In the entries below, find the line with "This project began" and the line with "폭언, 폭행, 업무방해"; reproduce those two lines and all lines between them exactly, without pictures.

*** Given information Section Begins ***

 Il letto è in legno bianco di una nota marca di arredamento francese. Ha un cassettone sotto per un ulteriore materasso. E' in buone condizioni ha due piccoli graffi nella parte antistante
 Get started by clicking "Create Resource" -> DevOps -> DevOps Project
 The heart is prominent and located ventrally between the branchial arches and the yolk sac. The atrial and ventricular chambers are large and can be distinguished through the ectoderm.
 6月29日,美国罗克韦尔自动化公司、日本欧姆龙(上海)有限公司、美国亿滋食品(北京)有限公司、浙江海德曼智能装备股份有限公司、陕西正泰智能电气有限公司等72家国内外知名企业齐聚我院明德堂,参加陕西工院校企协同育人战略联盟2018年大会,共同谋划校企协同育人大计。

*** Given information Section Ends ***
*** Given information Section Begins ***

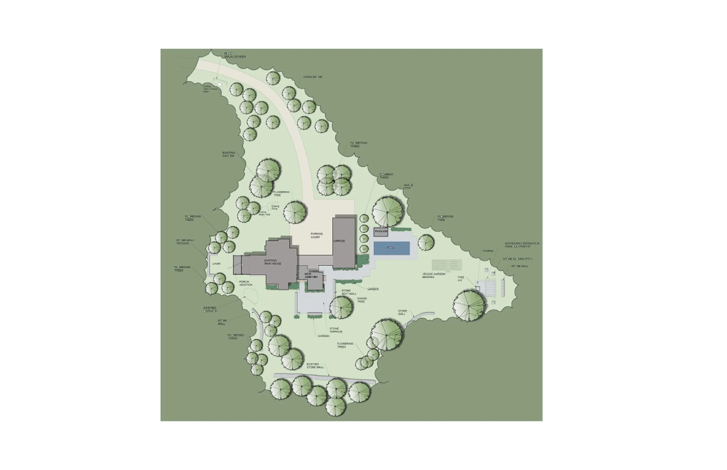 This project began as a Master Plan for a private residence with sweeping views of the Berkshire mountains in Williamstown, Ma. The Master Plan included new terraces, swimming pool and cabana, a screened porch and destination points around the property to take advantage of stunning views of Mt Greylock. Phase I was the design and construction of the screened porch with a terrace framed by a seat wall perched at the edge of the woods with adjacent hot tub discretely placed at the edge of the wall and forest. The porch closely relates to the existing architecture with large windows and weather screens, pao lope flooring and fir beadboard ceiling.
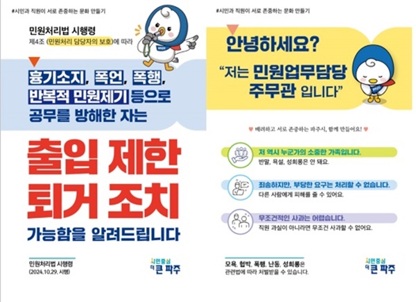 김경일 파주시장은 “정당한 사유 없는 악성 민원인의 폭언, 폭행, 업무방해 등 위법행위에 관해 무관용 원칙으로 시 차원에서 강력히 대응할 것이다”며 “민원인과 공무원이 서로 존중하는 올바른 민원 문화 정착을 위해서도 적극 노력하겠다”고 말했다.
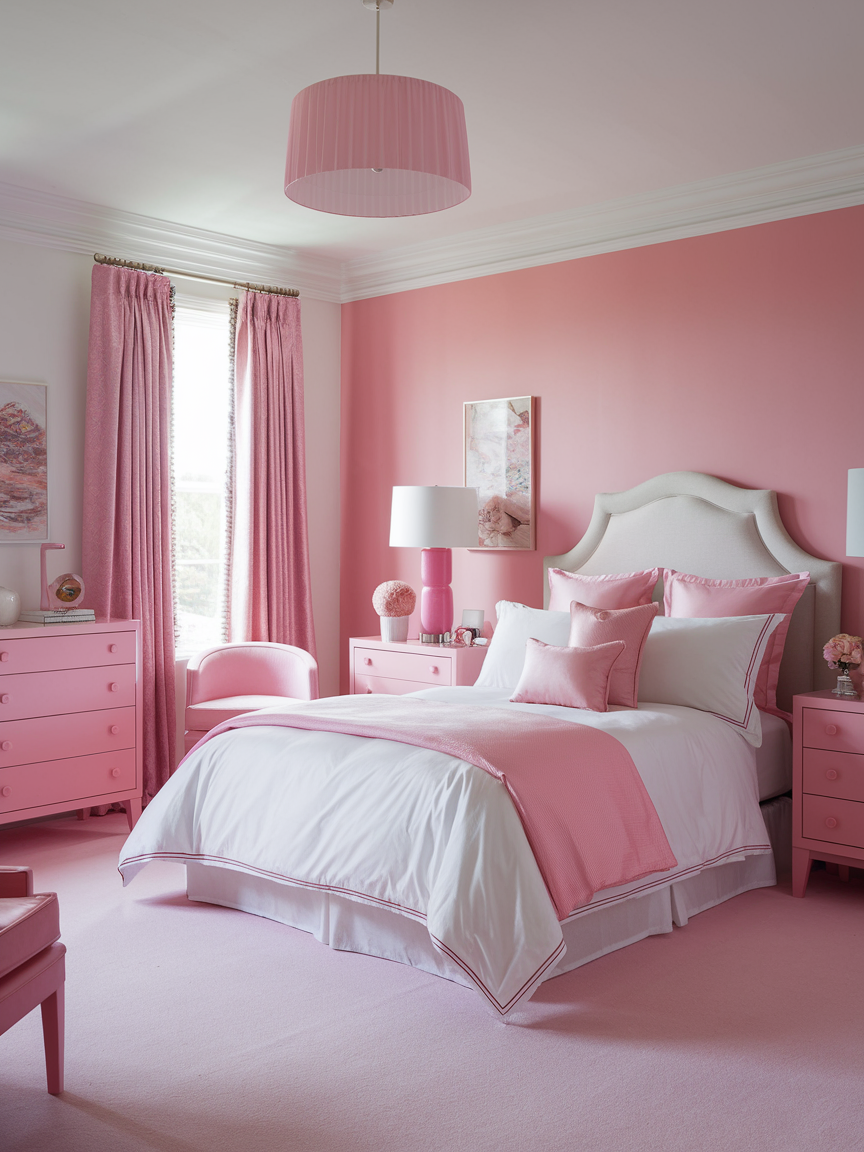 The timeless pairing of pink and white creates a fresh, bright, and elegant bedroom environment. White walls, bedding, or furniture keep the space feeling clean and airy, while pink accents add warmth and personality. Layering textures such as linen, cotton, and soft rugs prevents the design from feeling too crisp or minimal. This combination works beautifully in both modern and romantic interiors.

*** Given information Section Ends ***

**Expected answer**
 This project began as a Master Plan for a private residence with sweeping views of the Berkshire mountains in Williamstown, Ma. The Master Plan included new terraces, swimming pool and cabana, a screened porch and destination points around the property to take advantage of stunning views of Mt Greylock. Phase I was the design and construction of the screened porch with a terrace framed by a seat wall perched at the edge of the woods with adjacent hot tub discretely placed at the edge of the wall and forest. The porch closely relates to the existing architecture with large windows and weather screens, pao lope flooring and fir beadboard ceiling.
 김경일 파주시장은 “정당한 사유 없는 악성 민원인의 폭언, 폭행, 업무방해 등 위법행위에 관해 무관용 원칙으로 시 차원에서 강력히 대응할 것이다”며 “민원인과 공무원이 서로 존중하는 올바른 민원 문화 정착을 위해서도 적극 노력하겠다”고 말했다.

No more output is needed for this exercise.